Discussion
This study shows preliminary evidence that cognitive decline is a significant factor experienced by women who are treated for advanced ovarian cancer. Most participants self-reported mild declines, and these were detectable by a sensitive Web-based assessment tool. There are many potential mechanisms of cognitive decline during chemotherapy, ranging from oxidative damage to reduced blood oxygenation due to anemia to stress and anxiety. While it is outside of the scope of this small pilot study to examine the causative factors of decline, it does suggest the need for further investigation of the effect and potential mechanisms of cognitive decline in this population. While most of the prior work in cognitive function has been conducted among breast cancer patients, ovarian cancer patients appear to experience cognitive decline as well. There is a need to further understand this issue so that effective preventive or treatment strategies can be developed.
The significant increase in patient-reported neurotoxicity across each study visit may be a concern for computerized assessments that require dexterity. However, the keyboard proficiency tests did not decline over time, suggesting that the neurotoxicity reported by patients in this study was not great enough to affect their ability to use the computer keyboard. Patients appear to report higher levels of difficulty with memory (eg, forgetfulness) following diagnosis than following the initiation of chemotherapy; however, higher-level cognitive processes (eg, logic, organizational abilities, calculations) reported by patients appear to decline following the initiation of chemotherapy. Although larger, adequately powered trials are needed to determine the extent of this decline, this suggests that patients experience increasing challenges that may interfere with their ability to perform necessary tasks at work and in the household. Further work is needed to examine the duration of these effects following chemotherapy. Since the cognitive impact of chemotherapy reported by patients is mild, investigators must ensure the use of appropriate patient-reported tools that are able to detect these differences. While reported decline may occur, this is likely to remain within the mild category of traditional assessment tools. It is of benefit to use patient-reported tools such as the PAF that also permit the analysis of continuous data.

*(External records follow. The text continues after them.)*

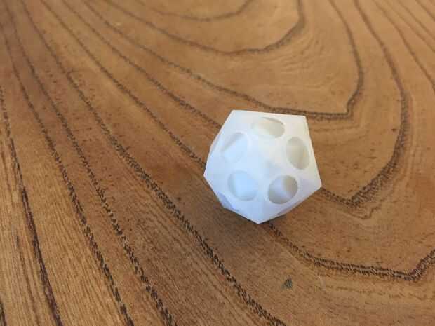 Para el icosaedro arriba imprimí una versión de prueba con un dodecaedro anidado. Se imprime toda la familia cuando las impresoras en el muelle 9 se vuelve a cargar con resinas de colores contrastantes para que las duales internas son distintas. Hasta entonces, compartir y disfrutar, y espero que esto le ayuda con sus habilidades de Inventor.
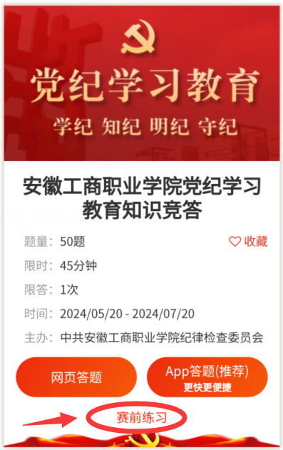 2.手机端扫描二维码,直接选择“赛前练习”,即可进入练习模式进行学习。
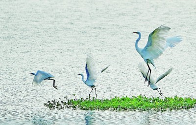 山东济南卧虎山水库,白鹭翩跹起舞。新华社发
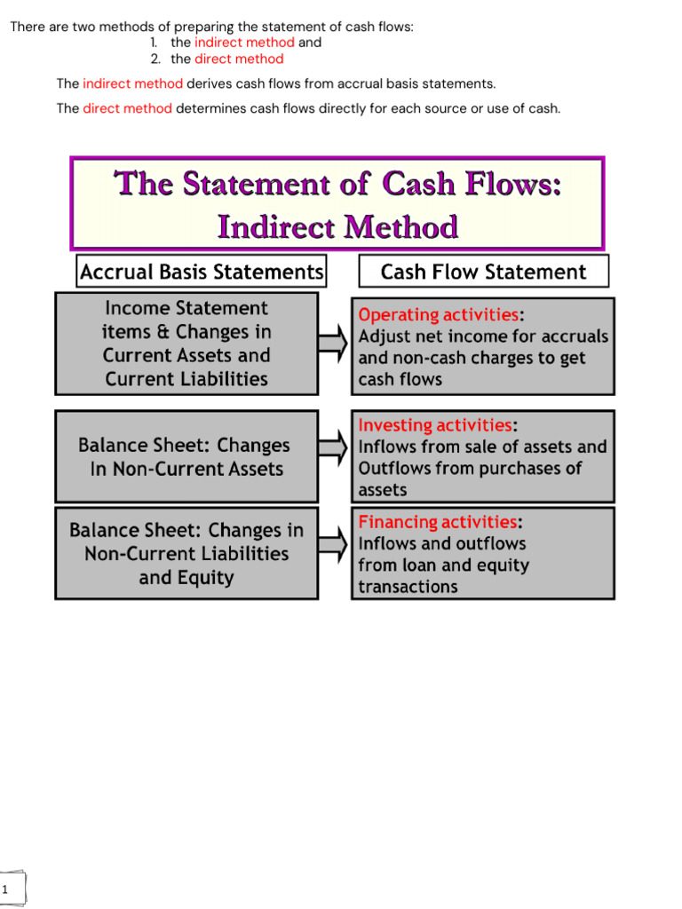 The indirect method derives cash flows from accrual basis statements.
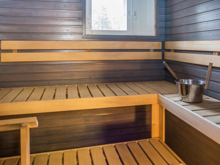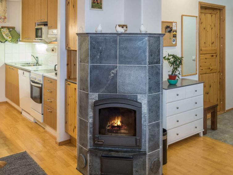 The kitchenette has everything needed for cooking and socialising. A fireplace provides coziness during meals, and the apartment's own sauna offers extra warmth after a day's excursions.
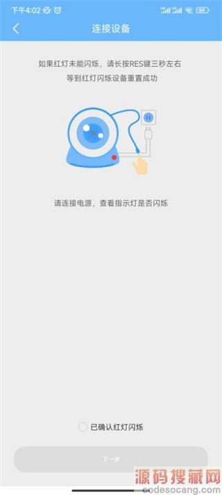 4、连接电源,查看指示灯是否闪烁,当红灯闪烁时,点击下一步;
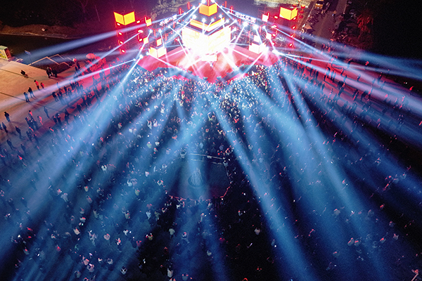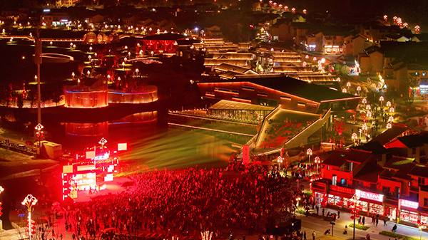 非遗火舞点火仪式将活动推向高潮。非遗传承人执火起舞,绚烂光影中,象征兴旺吉祥的篝火熊熊燃起,照亮古村夜空。蒙古舞蹈、民族歌曲、武术《龙马精神》接续登场,刚柔并济、精彩纷呈;DJ电音派对动感十足,传统年味与现代活力碰撞出圈。篝火旁,全场观众手拉手跳起锅庄舞,欢声笑语此起彼伏。
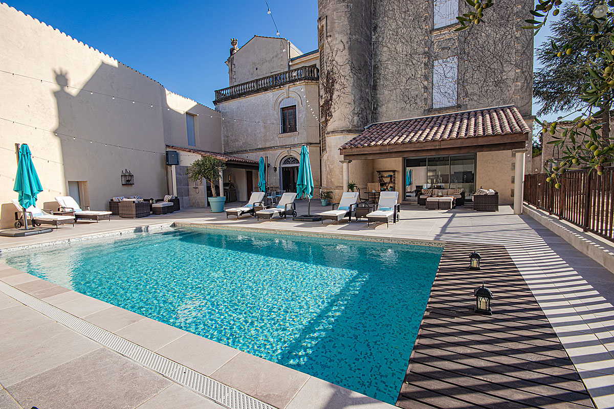 South of France Chateau, Magnificent 18th century chateau renovated to a very high standard. 8 bedrooms, 7 Bathrooms, air-con, pool, family friendly, beach 20 minute drive, walk to village with all amenities 10 minutes from Narbonne. 5 star rating from Étoiles de France . Taking 2026 bookings at 2025
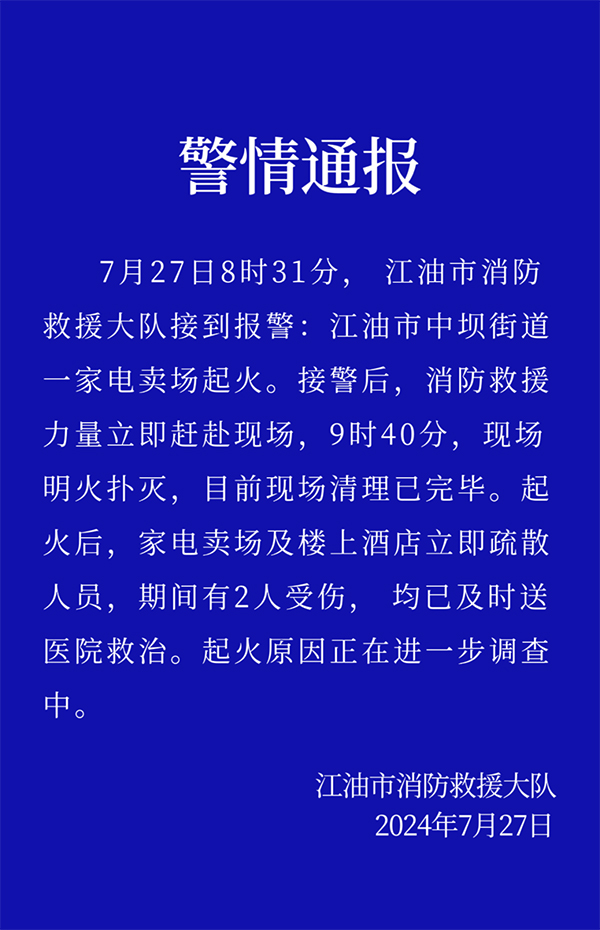 - 四川一商场发生火灾,2人受伤!
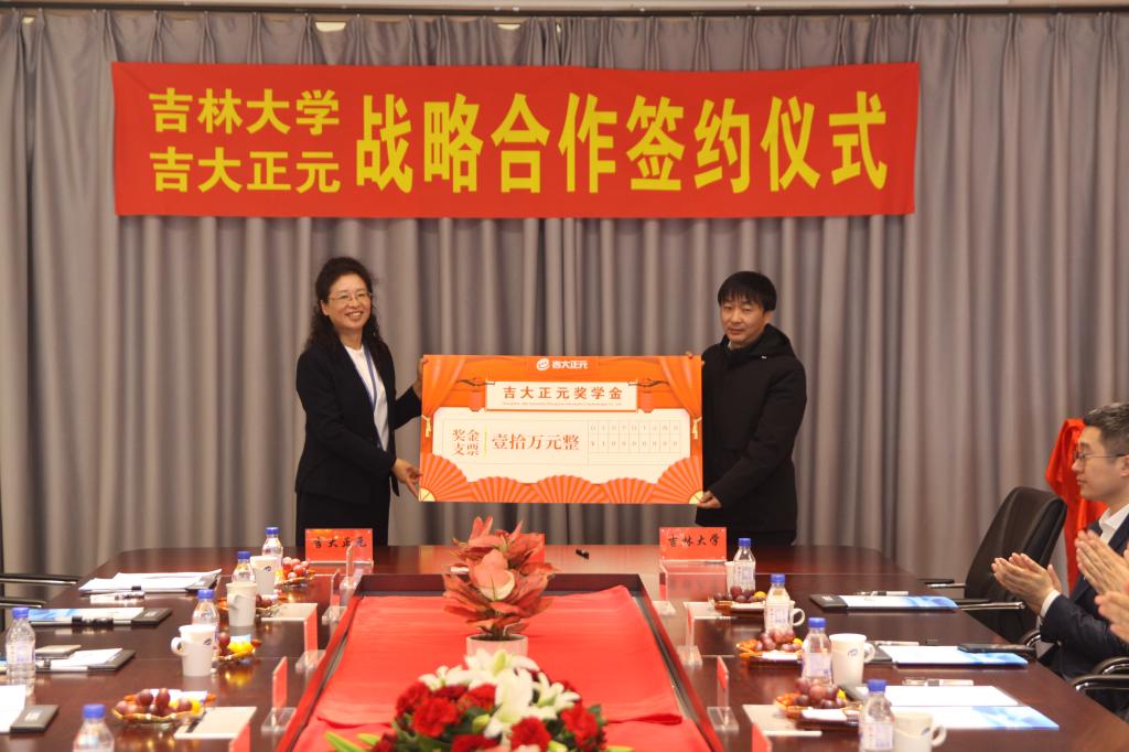党委副书记高战国交接“吉大正元”奖学金资助标识牌。国产av影片-免费看色情影片
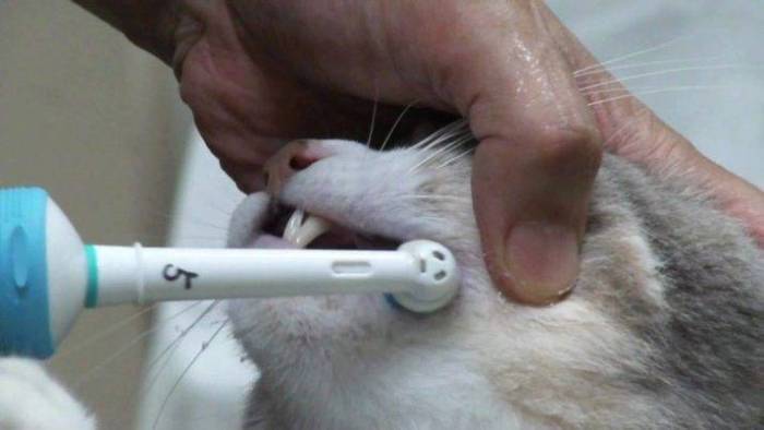 - Зубы чистят раз в 2–3 дня зубной щёткой для кошек и специальной зубной пастой.
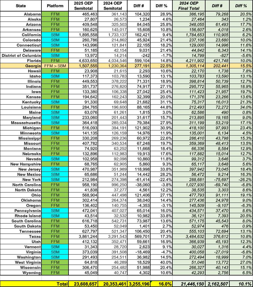 Not only is 2025 Open Enrollment up 16% over the same point last year, it's actually already up over 10% versus the final 2024 OEP total nationally...with a week left for folks to enroll!

This study is limited by its design as a pilot study and was challenged by several logistical issues. Four patients were unable to complete all the neurocognitive evaluations. This was due to remote study staff, who would visit various clinics in the Tucson and Phoenix metropolitan regions in Arizona (range of travel more than 120 miles). The lack of completion was entirely due to communication and travel complications. When a patient was rescheduled to a different chemotherapy date, it was not always possible for this to be communicated to the Arizona Cancer Center researchers in a timely manner, resulting in missed visits. It is recommended for future studies that require strict timelines for study assessments (such as this cognitive function study) that the assessments be conducted by staff in those practices who can identify changes in infusion dates when they occur. This will reduce the communication barriers and rate of missed visits. This study was also not designed to be a comprehensive assessment of neurocognitive function but was focused on assessing three domains: attention, processing speed, and response time. It is possible that many other domains of cognitive function could be impacted by chemotherapy that were not evaluated in this study. Many patients were also taking antidepressant medications during the study; however, these were generally not new prescriptions and were also being taken at the baseline assessment. Nevertheless, future studies should incorporate assessments of mood, depression, and anxiety to account for the potential effect of these factors on cognitive assessment scores.
Despite these limitations, the study provides preliminary data demonstrating cognitive decline during chemotherapy among ovarian cancer patients treated in the front-line setting of advanced disease. More than 90% of all patients experienced measurable impairments in cognitive function during primary chemotherapy. More than half of all patients demonstrated impairment on two or more cognitive domains. Prior work has shown that even mild cognitive impairments can influence quality of life and the ability to perform routine daily activities (eg, taking medications, returning to work, managing household finances).23 The data emphasize the critical need to further understand the impact of chemotherapy on cognitive function among ovarian cancer patients so that effective preventive and treatment strategies can be developed. Additional research is needed to understand how long these declines may persist following chemotherapy treatment.